Другим лектором, чьи лекции Альфред, а поначалу и Георг, посещал, был профессор Викторес, высокий широкоплечий господин с проседью в волосах, красивый мужчина, несмотря на свой почтенный возраст державшийся безупречно, почти спортивно. Одевался он для человека своей профессии и положения подчеркнуто свободно, носил вещи, сшитые по лучшим правилам портновского искусства, даже несколько франтоватые. Однако это нисколько не портило его степенный облик. Держался он всегда подчеркнуто прямо. Он окружал себя некоторым флером современного и динамичного человека. Помимо его научных познаний и дара воображения этому способствовала и его речь, то, как он читал лекции и участвовал в дебатах. Говорил он просто и элегантно, порой не без подковырки, иногда допуская простонародные выражения.

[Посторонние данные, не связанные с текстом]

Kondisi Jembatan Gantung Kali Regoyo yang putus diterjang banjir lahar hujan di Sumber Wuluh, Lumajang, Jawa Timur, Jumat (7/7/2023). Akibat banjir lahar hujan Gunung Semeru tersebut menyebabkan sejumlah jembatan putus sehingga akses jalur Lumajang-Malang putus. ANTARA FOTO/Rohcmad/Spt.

Преподавал он национальную экономику.
Он, к примеру, рассказывал, как из первичной сельскохозяйственной продукции и длительных процессов ремесленной обработки в конце концов возникало мануфактурное производство, а затем — современная высокопроизводительная промышленность. Или о том, как соотносится общество с ограниченной ответственностью с глобальным акционерным обществом. Он обнаруживал при этом гигантские запасы знания, разложенные по основным и дополнительным пунктам, прибегал к аксиомам и сентенциям, к неопровержимым истинам и небрежно вплетаемым в лекцию остроумным изречениям, весьма развлекавшим публику, — да, мировой дух может позволить себе иногда пошутить! Профессор Викторес обладал способностью пробудить в своих слушателях и горячий интерес, и восторг, возникающие при вдруг открывающихся им истинах и взаимосвязях. Он раскрывал им взаимосвязи биржи, капитала и политики, или же громко возвещал с кафедры: «Рынок, и ничто кроме рынка есть то место, где творится жизнь!»
В общем и целом он производил освежающее и бодрящее воздействие на души своих слушателей, укреплял их умы благодаря тому, что никогда не допускал сомнения в том, что помимо представленных им моделей и образцов мироустройства мыслимо что-либо другое. Его представления о мире были всеохватны и телеологичны, они простирались до последних пределов, до пределов мира, и таким образом внедрялись в умы и души студентов.